CMS states that there will be 25% additional insurers participating in 2015, and more than 90% of consumers will be able to choose from at least three plans. On average consumers will be able to choose from among seven issuers (up from 5 in 2014). Consumers can chose from about forty health plans for coverage (up from thirty-one in 2014).
State rates experience more fluctuation, and various state based exchanges have been functioning better than others. Some states experienced large swings. For example, in Florida, premiums jumped 11%, from $388 in 2014 to $429 for 2015. However, in Mississippi, average 2015 premiums for the second-lowest-cost silver plan declined by 19%, from $509 to $413. In New Hampshire and Georgia, the declines were 15% and 14%, respectively. (Source: Avalere)
There will be ample plan choices for marketplace shoppers. Checks over the last few weeks determined that the website indeed works better, with myriad plan choices (and whether the network is limited or “narrow”) displayed in a user-friendly manner.
New Enrollment Benchmarks Lowered
The administration appears to want to underpromise and overdeliver on enrollment.
On November 10, HHS Secretary Burwell stated that 2015 exchange enrollment is expected to increase only slightly in 2015, and it may take up to 5 years for exchange enrollment to hit steady levels.
Specifically, HHS stated that it expects between 9-10 million to enroll through Obamacare exchanges by the end of 2015 —less than the Congressional Budget Office’s estimates of 13 million. Officials said they believe the ramp-up for exchange enrollment could take longer than the three years CBO assumed.
What does this really mean?
7.1 million are enrolled in Exchanges now (actually, closer to 6.7 million given the error made by government officials including 400,000 dental plan enrollees).
HHS assumes 83% retention, which amounts to about 6 million enrollees renewing for 2015. Therefore, 3-4 million new enrollees would enroll in 2015 for total of 9-9.9 million.
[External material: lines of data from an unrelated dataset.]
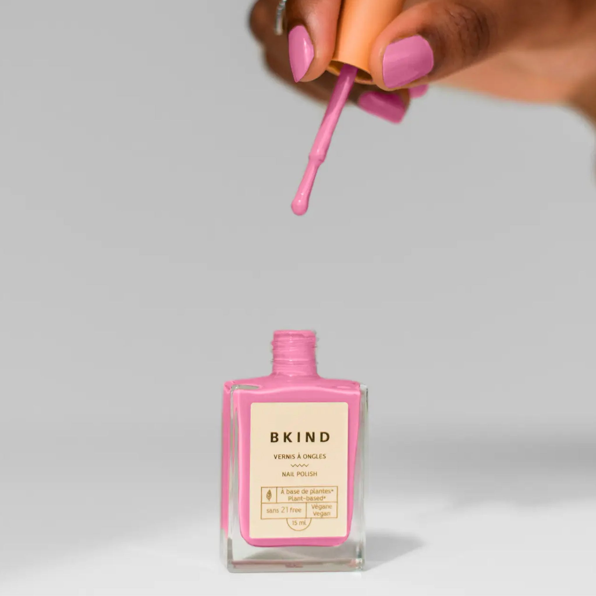 Introducing the Roar nail polish featuring a creamy and dusty Barbie pink. BKIND's vegan, 77% plant-based, 21-FREE, professional-grade nail polish applies easily, dries quickly, and gives you a long-lasting, luminous finish.
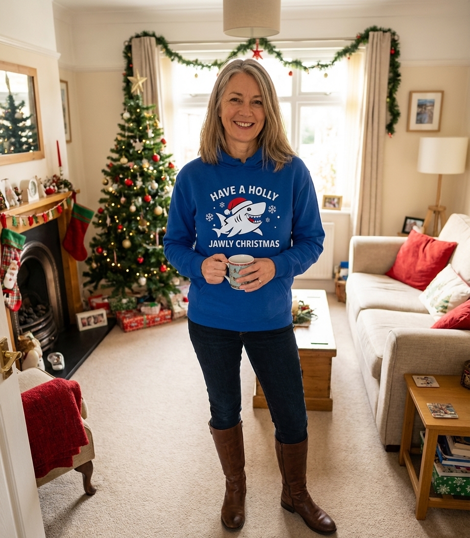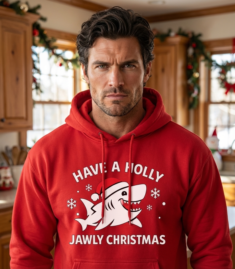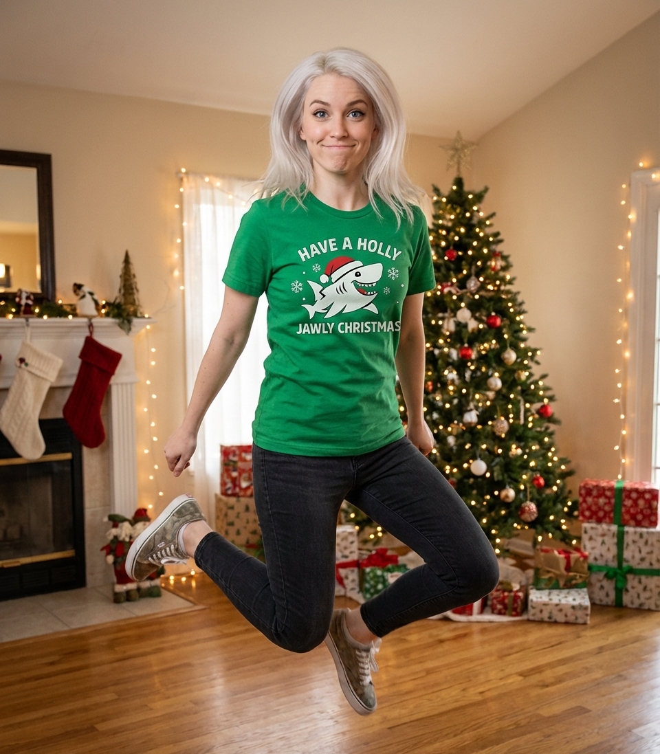 The phrase "Have a Holly Jawly Christmas" is a humorous pun on the traditional holiday greeting "Have a Holly Jolly Christmas." It cleverly incorporates "jawly," referencing the shark's prominent feature, to create a witty and memorable festive message.
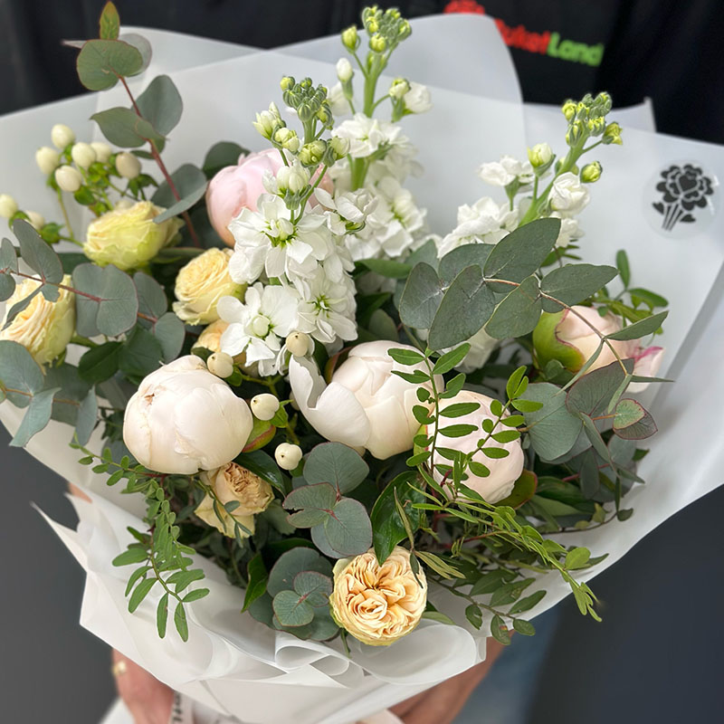 Авторський букет квітів «Evelyn» — це справжня симфонія ніжності та елегантності. Поєднання розкішних півоній у натуральних відтінках, кущових троянд Бомбастик, матіоли, гіперікума та евкаліпта створює витончену композицію, яка підійде як для святкових подій, так і для тих моментів, коли хочеться сказати "Дякую" чи "Я тебе люблю".

HHS Secretary Sylvia Burwell is aiming for approximately 9 million, as the White House’s real goal, and reaffirmed that figure despite the admission that 2014 enrollment was lower than advertised.
Timeline going forward
It will be hard to ascertain how enrollment is really going until December, when renewals kick-in.
Consumers that take no action this fall will have their coverage automatically renewed in the same or similar health plans. Consumers must select a plan by December 15 to have coverage by January 1, 2015.
Also, despite calls for transparency, the administration has not announced how frequently enrollment and other updates will be provided.
Consumers have until February 15 to sign up for coverage beginning in March.
At about the same time (next March), the Supreme Court will hear oral arguments on the ACA, with a decision to be rendered shortly before the July 4 holiday in 2015. Typically, the high court saves controversial decisions until the bitter end of the term.
There is no enrollment deadline whatsoever for Medicaid — enrollment can take place anytime during the year.
Watch Congress for Obamacare oversight hearings and administration inquiries. Leaders have already discussed an effort to tweak the ACA. With millions covered, outright repeal is unlikely; however, sensible changes could make it through the Congress and even pass muster with the President.
One other wild card: the House Republican lawsuit against the Obama administration. Last week, the GOP stated it would move forward with implementation of the health care law lawsuit that focuses on the delay of the employer mandate, and on cost-sharing benefits.
Buckle up for a bumpy ride. The coverage part of the law is slowly working, but will take some years for a stable insurance marketplace to be achieved. Critics still hope to derail the Obamacare effort, and will work through the courts and legislative process for changes.